Numerical simulation of dual frequency etching reactors: Influence of the external process parameters on the plasma characteristics

Abstract

A one-dimensional particle-in-cell/Monte Carlo model is used to investigate Ar∕CF4∕N2 discharges sustained in capacitively coupled dual frequency reactors, with special emphasis on the influence of the reactor parameters such as applied voltage amplitudes and frequencies of the two voltage sources. The presented calculation results include plasma density, ion current, average sheath potential and width, electron and ion average energies and energy distributions, and ionization rates. The simulations were carried out for high frequencies (HFs) of 27, 40, 60, and 100MHz and a low frequency (LF) of 1 or 2MHz, varying the LF voltage and keeping the HF voltage constant and vice versa. It is observed that the decoupling of the two sources is possible by increasing the applied HF to very high values (above 60MHz) and it is not defined by the frequency ratio.
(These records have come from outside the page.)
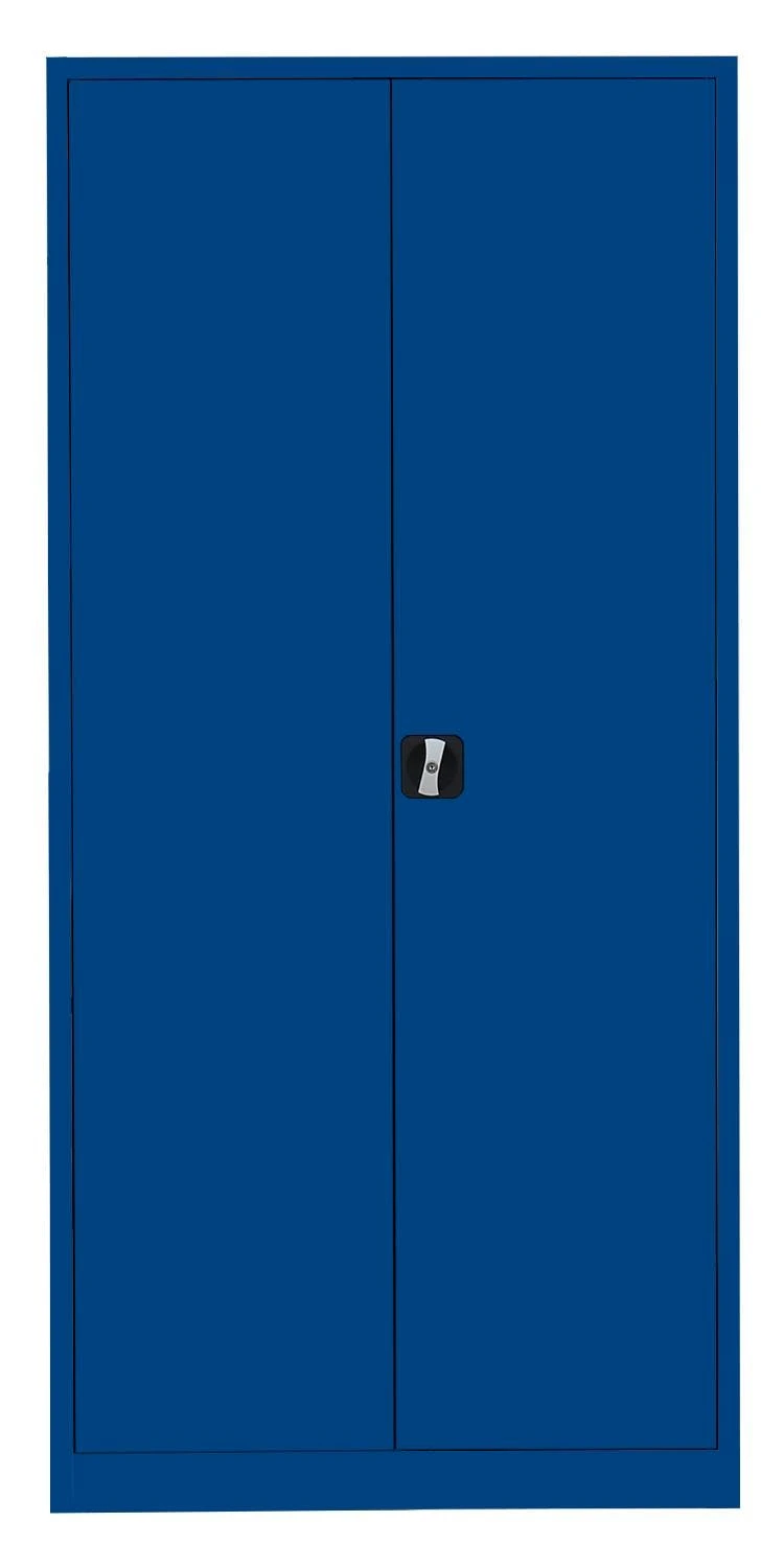 Aktenschrank, Büroschrank, Aktenschrank Metall, Ordnerschrank, Lagerschrank, Werkzeugschrank, mit 4 Einlegeböden (5 Ordnerhöhen). Universell einsetzbar zur Lagerung und Ablage von Aktenordnern und Dokumenten, zum sicheren Aufbewahren (abschließbar durch Schubstangen-Zylinderschloss) und Lagern von Werkzeug, Aufbewahrungsboxen, Verkaufsunterlagen, Katalogen, Papier und Schreibmaterial. Ideal geeignet für Büros, Logistik, Lager, Werkstätten sowie für den Privatgebrauch im Keller oder in der Garage.Langlebige, pflegeleichte, verschweißte Stahl-Konstruktion4 Fachböden, 5 Ordnerhöhen Schranktüren jeweils rechts und links angeschlagen, an gefederten Stiftscharnieren befestigt, mittig schließend Kastenverstärkung für eine erhöhte Türstabilität Flexible Nutzung als Aktenschrank oder Regal durch herausnehmbare Flügeltüren Geräuschdämpfende Kunststoff-Türanschlagspuffer serienmäßig Individuelle, flexible Innen-Einteilung durch höhenverstellbare Einlegeböden, im 5 cm-Raster Tragkraft der herausnehmbaren Einlegeböden bis zu 65 kg Einlegeböden serienmäßig in Korpusfarbe ausgeführt 2-Wege-Schubstangenzylinderschloss mit Drehgriff, inkl. 2 Schlüssel Korpus und Türen elektrostatisch, glatt pulverbeschichtet Qualität und Sicherheit Komplett verschweißt, keine Montage erforderlich, nur Fachböden müssen eingelegt werdenFarbe: Korpus: Enzianblau, Türen: Enzianblau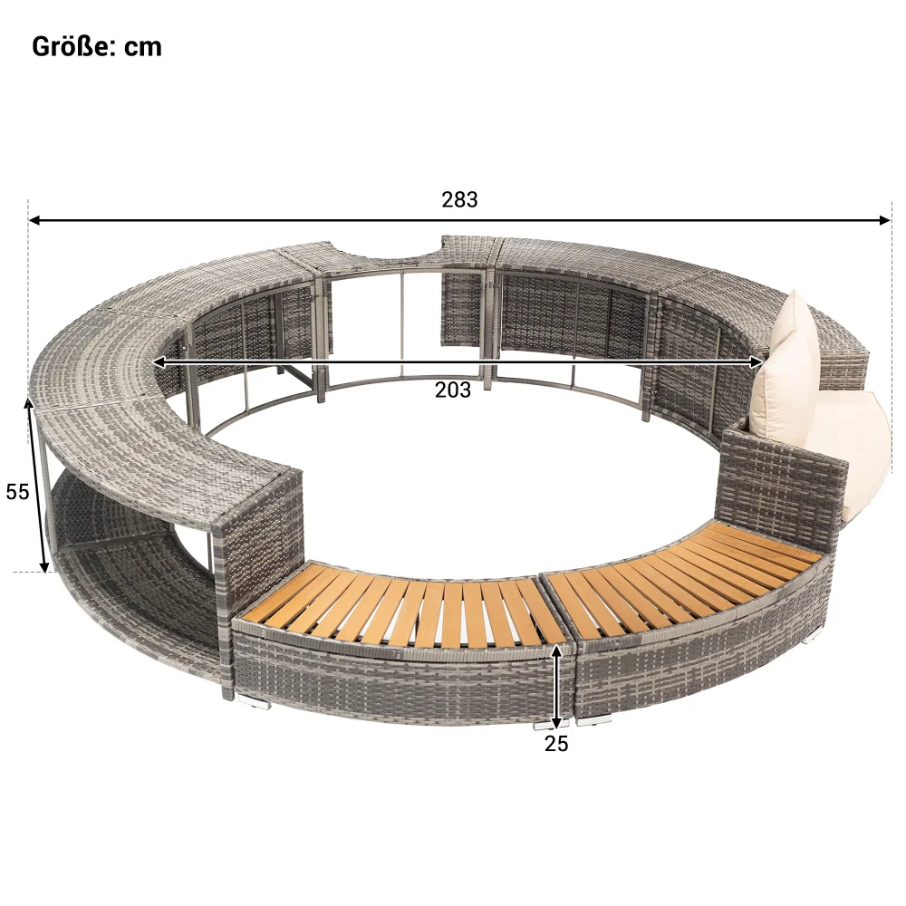 Les dimensions du produit sont : diamètre intérieur 203 cm, diamètre extérieur 283 cm, hauteur de la structure 55 cm, hauteur d’assise en bois d’acacia 25 cm.
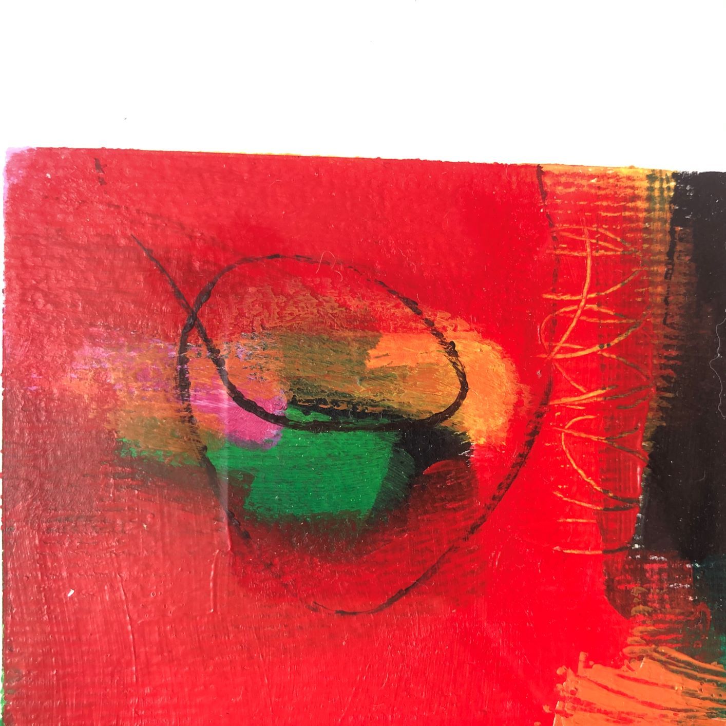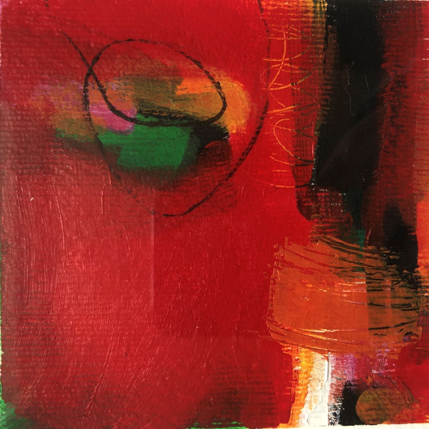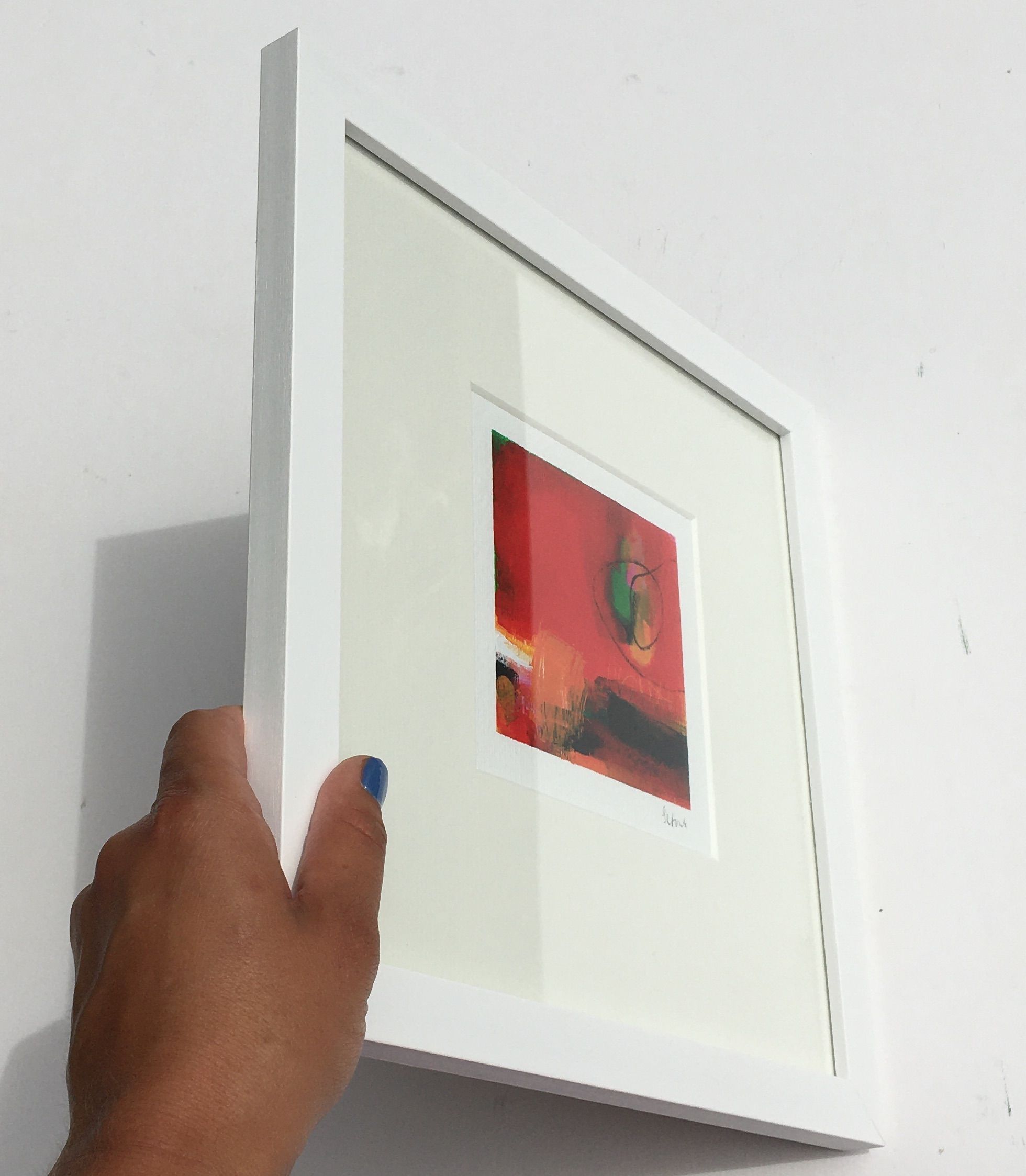 Sarah Foat Graffiti IV Contemporary Abstract Landscape Painting Acrylic Paint on Paper Image Size: H 10cm x W 10cm Framed Size: H 30cm x W 30cm x D 1cm Sold Framed in a White Frame Please note that insitu images are purely an indication of how a piece may look Graffiti IV is an original abstract painting by Sarah Foat. The bright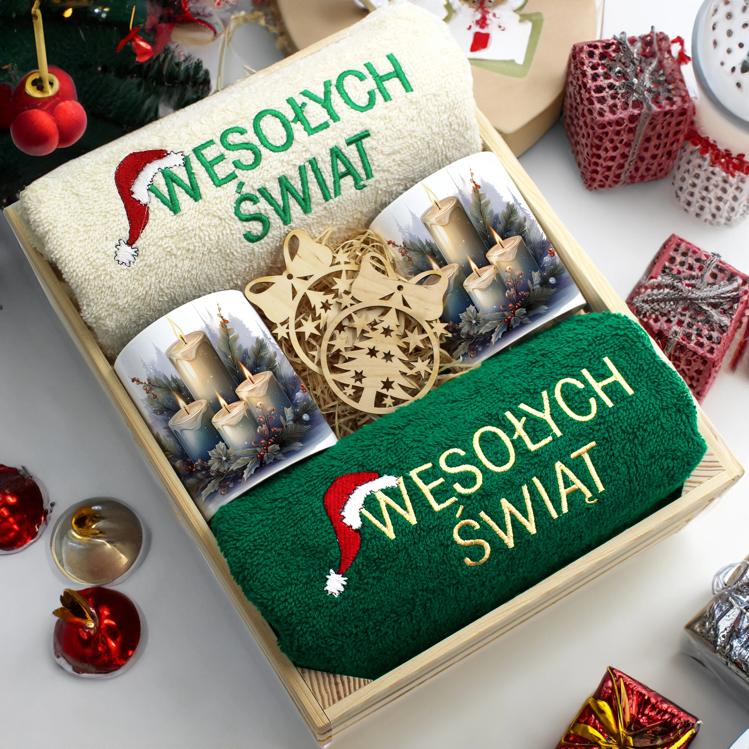 Każdy zestaw ręczników wraz z kubkami jest zapakowany w folię - celofan - zestaw tworzy gotowy prezent do podarowania bez potrzeby dalszego pakowania.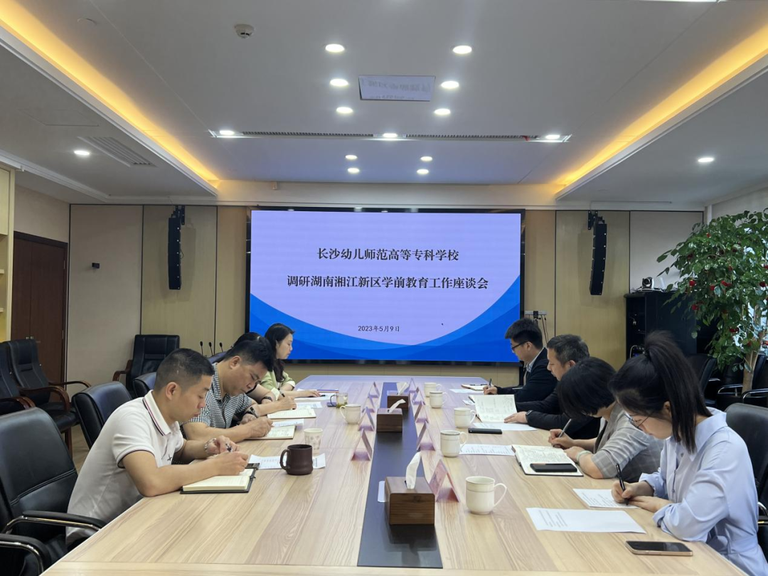 2023年5月9日,校长李毅、学前教育学院院长阳艳波、学前教育学院党总支书记兰帅等一行五人赴湘江新区教育局进行访企拓岗,调研学前教育教育事业发展现状。

Both voltage sources have influence on the plasma characteristics at a HF of 27MHz and to some extent at 40MHz. At HFs of 60 and 100MHz, the plasma density and ion flux are determined only by the HF voltage source. The ion energy increases and the ion energy distribution function (IEDF) becomes broader with HF or LF voltage amplitude, when the other voltage is kept constant. The IEDF is broader with the increase of HF or the decrease of LF.